Output all of the data below without changing a word, and exclude the pictures.

• Given data:
[Start of section]

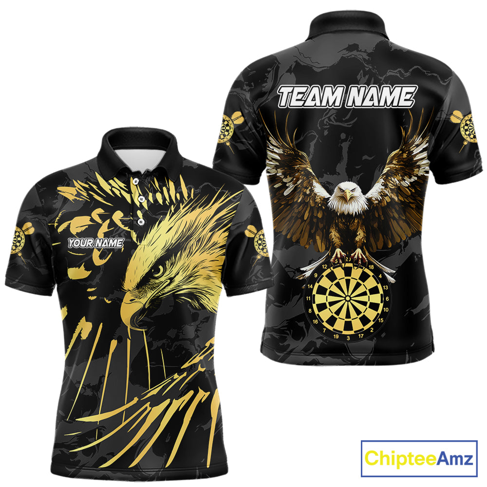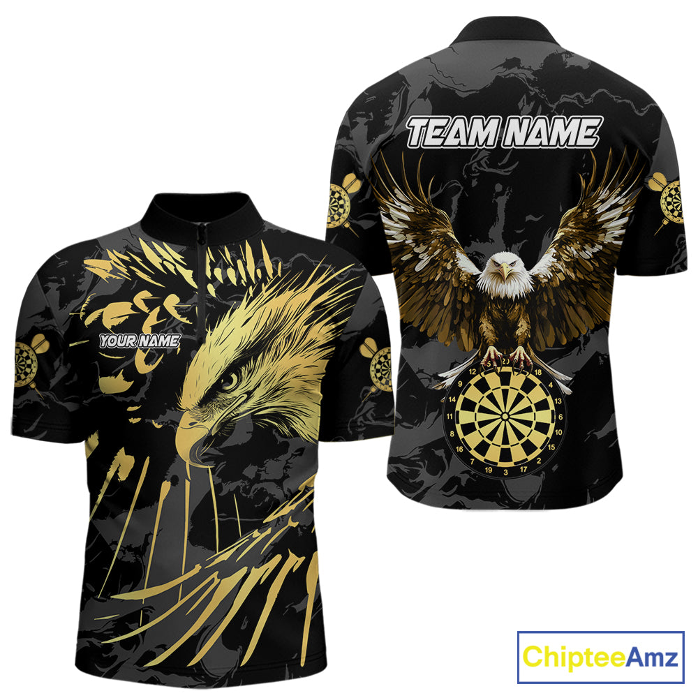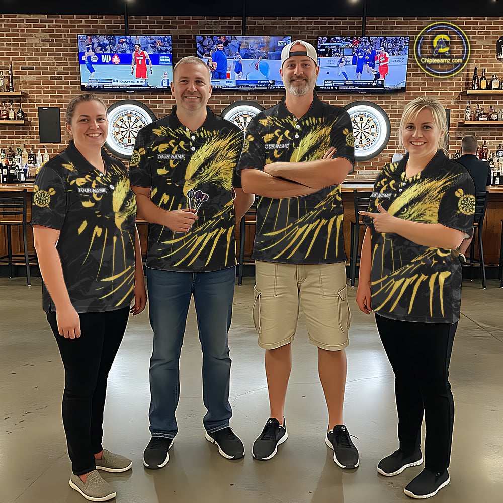Black And Gold Custom Eagle Paint Darts Shirt For Men, Darts League Jersey Team Polo & 1/4 Zip TDM5475
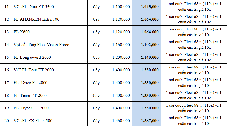 | 14 | Vợt cầu lông Fleet Vision Force | Cây | 1,160,000 | 1,102,000 |
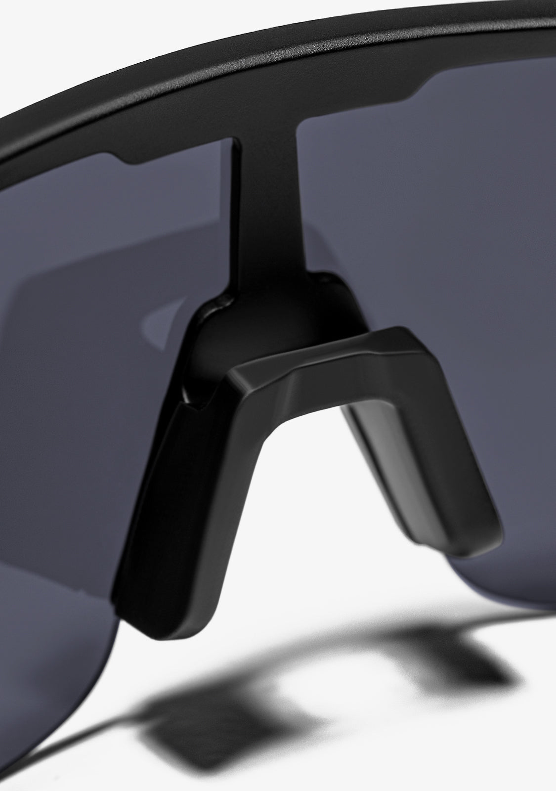 With 130 mm temples, ends, and nose bridge with silicone pads, these sunglasses ensure grip and comfort even in motion.
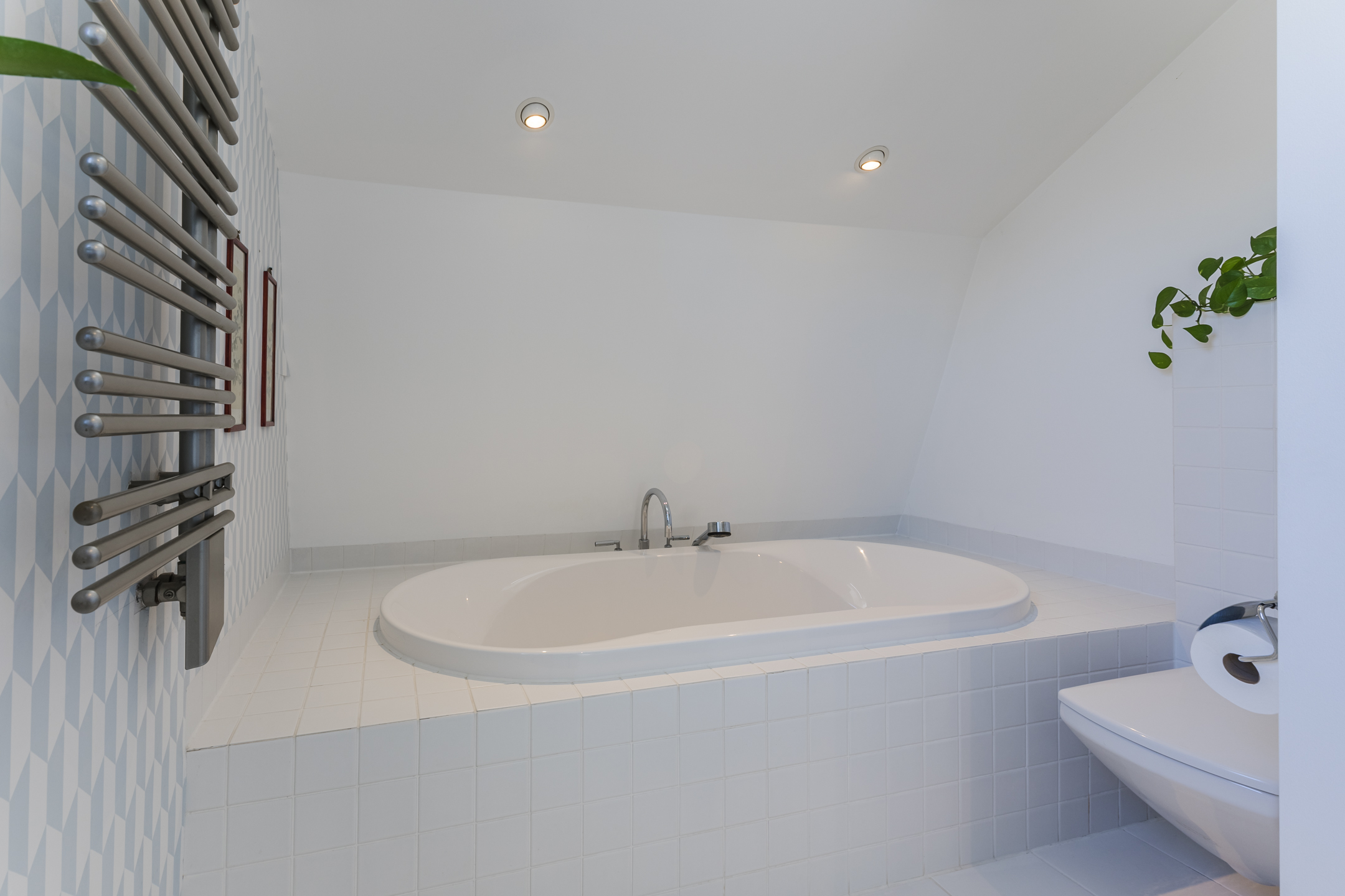 The tiled bathroom features underfloor heating, a bathtub, walk-in shower, wall-mounted toilet, washbasin, mirror heating, and adjustable mechanical ventilation.

[End of section]

• Your solution:
Black And Gold Custom Eagle Paint Darts Shirt For Men, Darts League Jersey Team Polo & 1/4 Zip TDM5475
 | 14 | Vợt cầu lông Fleet Vision Force | Cây | 1,160,000 | 1,102,000 |
 With 130 mm temples, ends, and nose bridge with silicone pads, these sunglasses ensure grip and comfort even in motion.
 The tiled bathroom features underfloor heating, a bathtub, walk-in shower, wall-mounted toilet, washbasin, mirror heating, and adjustable mechanical ventilation.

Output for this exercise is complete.